Solving environment: ...working... 

Building graph of deps:   0%|          | 0/5 [00:00<?, ?it/s]
Examining spacy=2.1.8:   0%|          | 0/5 [00:00<?, ?it/s] 
Examining python=3.8:  20%|##        | 1/5 [00:00<00:00,  4.80it/s]
Examining python=3.8:  40%|####      | 2/5 [00:00<00:00,  9.60it/s]
Examining @/win-64::__cuda==11.6=0:  40%|####      | 2/5 [00:01<00:00,  9.60it/s]
Examining @/win-64::__cuda==11.6=0:  60%|######    | 3/5 [00:01<00:01,  1.97it/s]
Examining @/win-64::__win==0=0:  60%|######    | 3/5 [00:01<00:01,  1.97it/s]    
Examining @/win-64::__archspec==1=x86_64:  80%|########  | 4/5 [00:01<00:00,  1.97it/s]
                                                                                       

Determining conflicts:   0%|          | 0/5 [00:00<?, ?it/s]
Examining conflict for spacy python:   0%|          | 0/5 [00:00<?, ?it/s]
                                                                          

UnsatisfiableError: The following specifications were found
to be incompatible with the existing python installation in your environment:

Specifications:

  - spacy=2.1.8 -> python[version='>=3.6,<3.7.0a0|>=3.7,<3.8.0a0']

Your python: python=3.8

Found conflicts!
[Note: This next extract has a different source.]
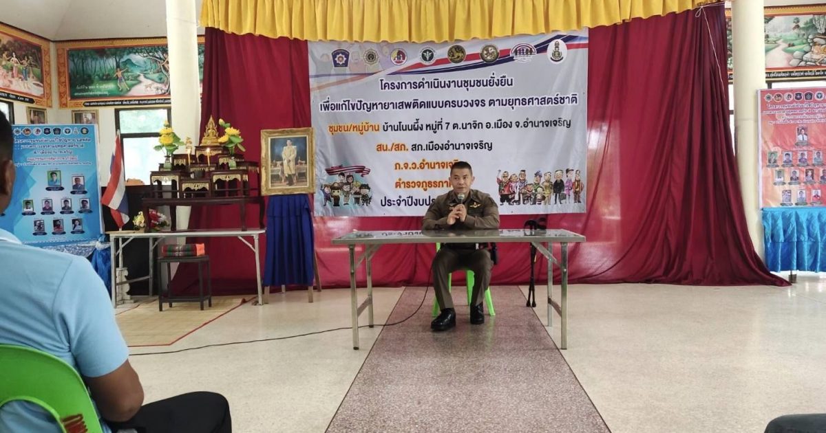 ได้ทำการเปิด “โครงการชุมชนยั่งยืนเพื่อแก้ไขปัญหายาเสพติดแบบครบวงจร ตามยุทธศาสตร์ชาติ” ประจำปี 2566 ณ ศาลาวัดบ้านโนนผึ้ง ม.7 ต.นาจิก อ.เมือง จ.อำนาจเจริญ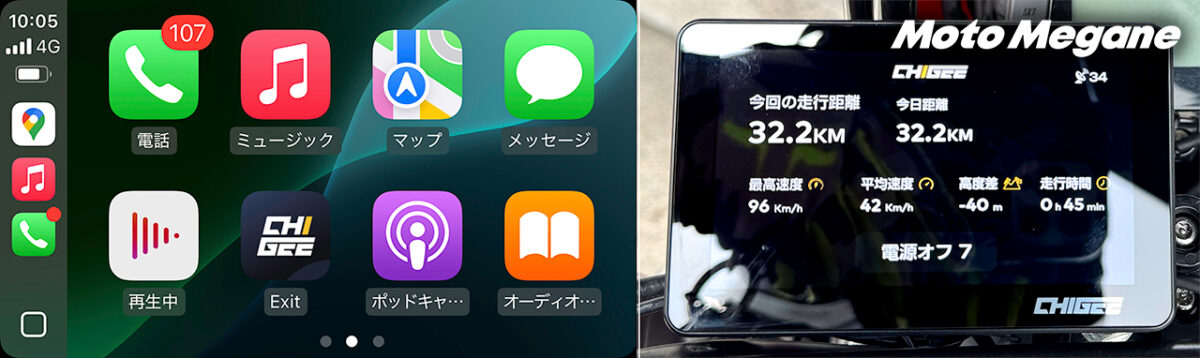 (左)Apple CarPlayなどで接続してスマホアプリを使える (右)走行データ

Looking for incompatible packages.
This can take several minutes.  Press CTRL-C to abort.
failed


If python is on the left-most side of the chain, that's the version you've asked for.
When python appears to the right, that indicates that the thing on the left is somehow
not available for the python version you are constrained to. Note that conda will not
change your python version to a different minor version unless you explicitly specify
that.

Please feel free to comment or ask . Thank you


Solution

  • Just from the way I would understand that error message it tells you that the spacy version you want to install (2.1.8) is incompatible with the python version you have (3.8.8). It needs Python 3.6 or 3.7.
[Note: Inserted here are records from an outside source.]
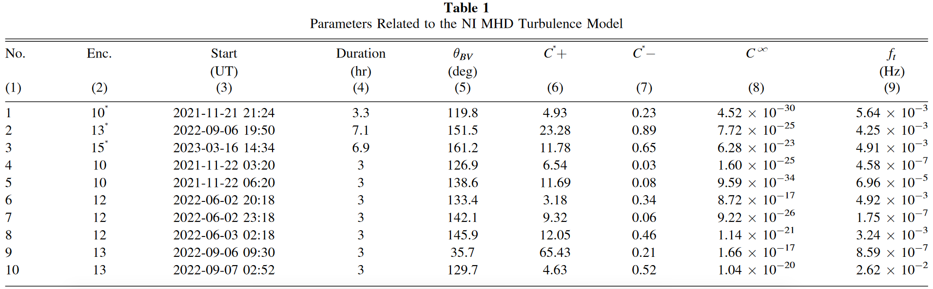 研究人员使用近不可压缩磁流体动力学(NI MHD)湍流模型来描述 LMBL 风的波矢各向异性。表 1 总结了NI MHD 湍流模型的相关参数。我们选择近亚声速太阳风区间以及倾斜的亚阿尔芬太阳风区间作为 LMBL 太阳风的代表区间。模型结果显示,在LMBL风的所有代表区间中,slab波动仍然占主导(C*±/C∞≫ 1)。综合所有分析结果,0.3 au以内的年轻太阳风中均展现出相较于1 au处更为丰富的slab波动,这可能为理解日球层中太阳风湍流的演化提供新的线索。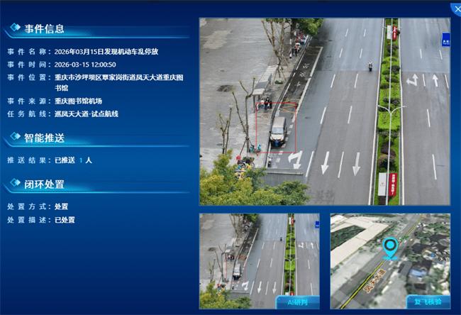 推动“数字重庆”建设赋能城市治理提升,这架无人机成为了城市“感知系统”的一部分,将城市末梢的动态实时接入三级治理中心,让城市管理从“看得见”走向“看得清”、从“管得住”走向“管得巧”。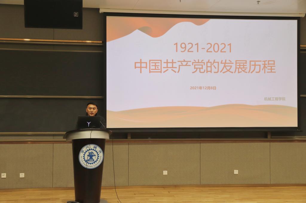 世俱杯官方网站苏宇老师开展了主题为“恢弘的史诗——中国共产党发展历程”的党课讲座。苏宇老师以时间为脉络,帮助同学们梳理党史发展脉络,讲述了新民主主义革命时期、社会主义革命和建设时期以及改革开放和社会主义现代化建设时期党的发展历程,他提到中国共产党建党百年历程波澜壮阔,中国共产党的发展史就是一部恢弘的史诗。

    So either create an environment with Python 3.6 or 3.7 (its quite easy to specify Python version when creating a new environment in conda) or use a higher version of spacy. Did you already try if the code works if you just use the newest version of spacy?

    Is there a specific reason for why you are using this spacy version? If you are using some methods that are not supported anymore it might make more sense to update your code to the newer spacy methods. Especially if you are doing this to learn about spacy it is counterproductive to learn methods that are not supported anymore. Sadly a lot of tutorials fail to either update their code or at least specify what versions they are using and then leave their code online for years.